Такая радостная весть!..
Такое лестное одобрение от одного из
первых поэтов в Европе чуть не вскружило
мне головы. Мною овладело такое же
восхищение, какое испытывала ещё в детстве,
когда могла бегать в поле без надзора...
Секретер, высокий, из красного дерева, с резьбой на ящичках, с бронзовыми украшениями на крышке стола, застрял в дверях. Не хватило всего-то четверти вершка, чтобы протиснуть его в комнату на втором этаже, окнами выходящую в сад. Бригада грузчиков-татар, которая работала споро и аккуратно, вытащила его обратно в коридор. Послали за новосёлами. Молодой красивый барин с длинными бакенбардами, расчёсанными на две стороны, сказал, что не знает, как быть. Его старший брат, одетый в тёмно-синий офицерский сюртук, поднялся наверх, осмотрел дверь и коротко приказал:
— Снимайте филёнки.
Сняли не только филёнки, окаймляющие дверной проем, но и саму дверь. Секретер внесли в комнату и по распоряжению отставного офицера придвинули к глухой стене боком к окну. Потом разместили узкую кушетку и туалетный столик с большим зеркалом. Всё это были вещи из одного гарнитура с секретером — добротные, тяжёлые, старой работы. Другой мебели для этой комнаты пока не имелось, и грузчики занялись гостиной на первом этаже. Для неё на том же возу хозяева привезли два дивана и стулья, обитые палевой с чёрным рисунком тканью.
Через час с установкой мебели, доставленной из Сарапула и принадлежавшей ещё батюшке Андрею Васильевичу, было покончено.
Дуровы собрались в столовой, где прислуга накрыла обеденный стол. Василий пригубил бокал вина:
— С новосельем вас, милые мои сестрицы!
— Дай Бог нам тут жить долго, тихо и спокойно... — Клеопатра перекрестилась.
— Сие не только в воле Господа Бога, но и в распоряжении человека находится. — Надежда посмотрела на брата.
— Не беспокойтесь, любезная Надежда Андреевна, — он выдержал её взгляд, — прежнего не будет...
Василий дулся на старшую сестру за её поступок больше года. Но внезапно все переменилось. В Вятскую губернию назначили другого губернатора. На конфликт Дурова с протоиереем и его отставку он взглянул совершенно иначе, и в июне 1831 года молодой чиновник получил назначение на должность градоначальника в Елабугу, город поменьше, чем Сарапул, расположенный южнее по течению Камы.

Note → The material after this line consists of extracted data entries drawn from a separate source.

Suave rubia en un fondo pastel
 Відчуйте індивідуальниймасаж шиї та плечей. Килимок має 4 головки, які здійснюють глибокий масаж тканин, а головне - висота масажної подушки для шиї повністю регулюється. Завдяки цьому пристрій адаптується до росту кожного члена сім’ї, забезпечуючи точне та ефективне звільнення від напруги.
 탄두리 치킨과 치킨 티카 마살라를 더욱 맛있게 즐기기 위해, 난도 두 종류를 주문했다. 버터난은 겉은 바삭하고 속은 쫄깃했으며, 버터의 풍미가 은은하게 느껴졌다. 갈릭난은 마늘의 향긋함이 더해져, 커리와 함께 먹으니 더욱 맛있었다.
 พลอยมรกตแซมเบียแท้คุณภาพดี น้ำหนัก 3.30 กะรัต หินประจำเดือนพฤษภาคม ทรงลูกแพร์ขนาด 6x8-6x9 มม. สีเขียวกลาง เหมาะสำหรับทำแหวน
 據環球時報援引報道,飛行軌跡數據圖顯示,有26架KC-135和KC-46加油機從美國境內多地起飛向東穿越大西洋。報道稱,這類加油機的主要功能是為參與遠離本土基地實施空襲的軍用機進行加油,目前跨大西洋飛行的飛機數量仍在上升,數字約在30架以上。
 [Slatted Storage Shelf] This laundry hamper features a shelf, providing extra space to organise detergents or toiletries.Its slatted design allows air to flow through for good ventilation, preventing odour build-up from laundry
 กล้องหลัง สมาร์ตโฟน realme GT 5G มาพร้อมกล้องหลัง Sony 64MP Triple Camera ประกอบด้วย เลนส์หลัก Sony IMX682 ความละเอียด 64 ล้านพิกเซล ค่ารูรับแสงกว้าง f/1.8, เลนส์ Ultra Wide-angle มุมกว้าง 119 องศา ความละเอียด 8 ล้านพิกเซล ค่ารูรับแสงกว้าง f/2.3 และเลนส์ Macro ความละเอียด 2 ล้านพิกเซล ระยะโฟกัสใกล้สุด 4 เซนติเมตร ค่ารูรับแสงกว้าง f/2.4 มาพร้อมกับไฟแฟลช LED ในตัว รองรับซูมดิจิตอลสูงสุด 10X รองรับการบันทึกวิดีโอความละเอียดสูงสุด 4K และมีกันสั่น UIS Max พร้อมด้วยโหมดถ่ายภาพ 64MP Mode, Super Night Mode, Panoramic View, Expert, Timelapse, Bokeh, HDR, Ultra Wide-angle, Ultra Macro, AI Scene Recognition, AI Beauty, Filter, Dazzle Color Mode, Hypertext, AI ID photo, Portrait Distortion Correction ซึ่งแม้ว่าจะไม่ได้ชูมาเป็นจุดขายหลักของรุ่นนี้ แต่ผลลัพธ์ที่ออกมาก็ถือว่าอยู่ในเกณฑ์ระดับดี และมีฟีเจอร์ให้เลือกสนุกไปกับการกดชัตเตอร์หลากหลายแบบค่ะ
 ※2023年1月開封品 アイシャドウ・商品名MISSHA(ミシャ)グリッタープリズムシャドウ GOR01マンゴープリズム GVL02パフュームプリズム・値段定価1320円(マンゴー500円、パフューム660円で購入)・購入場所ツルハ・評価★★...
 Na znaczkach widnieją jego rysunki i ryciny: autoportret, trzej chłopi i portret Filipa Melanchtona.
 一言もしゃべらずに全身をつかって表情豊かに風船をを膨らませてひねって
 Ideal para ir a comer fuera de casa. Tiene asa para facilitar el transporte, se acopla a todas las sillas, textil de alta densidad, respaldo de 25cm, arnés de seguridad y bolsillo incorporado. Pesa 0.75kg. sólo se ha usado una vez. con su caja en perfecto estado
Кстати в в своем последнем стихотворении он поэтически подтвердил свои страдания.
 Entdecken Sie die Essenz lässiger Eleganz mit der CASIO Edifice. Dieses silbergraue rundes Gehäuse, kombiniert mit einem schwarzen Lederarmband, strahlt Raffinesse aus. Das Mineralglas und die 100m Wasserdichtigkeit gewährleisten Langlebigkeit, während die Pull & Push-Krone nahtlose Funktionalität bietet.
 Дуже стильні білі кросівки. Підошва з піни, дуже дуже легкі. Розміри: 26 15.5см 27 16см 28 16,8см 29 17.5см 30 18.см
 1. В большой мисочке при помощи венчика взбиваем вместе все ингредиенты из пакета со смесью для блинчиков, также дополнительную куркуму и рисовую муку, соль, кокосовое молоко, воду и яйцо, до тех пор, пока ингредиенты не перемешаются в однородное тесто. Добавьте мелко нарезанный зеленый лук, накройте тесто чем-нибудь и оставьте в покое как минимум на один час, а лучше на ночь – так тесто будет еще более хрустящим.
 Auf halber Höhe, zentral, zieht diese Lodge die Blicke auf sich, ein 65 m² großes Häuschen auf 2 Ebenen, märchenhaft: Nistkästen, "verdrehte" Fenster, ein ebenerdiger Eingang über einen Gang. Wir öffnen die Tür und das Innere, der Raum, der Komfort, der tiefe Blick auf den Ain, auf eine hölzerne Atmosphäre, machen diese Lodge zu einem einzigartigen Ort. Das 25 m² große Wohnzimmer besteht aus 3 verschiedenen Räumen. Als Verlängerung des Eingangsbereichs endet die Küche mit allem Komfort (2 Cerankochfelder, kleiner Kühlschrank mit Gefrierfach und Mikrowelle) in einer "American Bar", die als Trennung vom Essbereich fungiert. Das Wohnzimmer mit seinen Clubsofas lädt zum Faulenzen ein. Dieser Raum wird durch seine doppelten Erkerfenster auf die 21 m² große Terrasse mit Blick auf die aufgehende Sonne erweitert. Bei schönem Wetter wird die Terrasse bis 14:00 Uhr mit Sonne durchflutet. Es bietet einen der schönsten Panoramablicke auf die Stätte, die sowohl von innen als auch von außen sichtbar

Василий написал Надежде в Малмыж, что их ссора была пустячной. Он сообщил о своём возвращении на статскую службу и позвал её с собой на новое место — обживаться. Понимая, как полезно в его холостяцком доме в чужом городе будет присутствие рачительной хозяйки, Дуров-младший осыпал сестру комплиментами. Она размышляла недолго и дала согласие.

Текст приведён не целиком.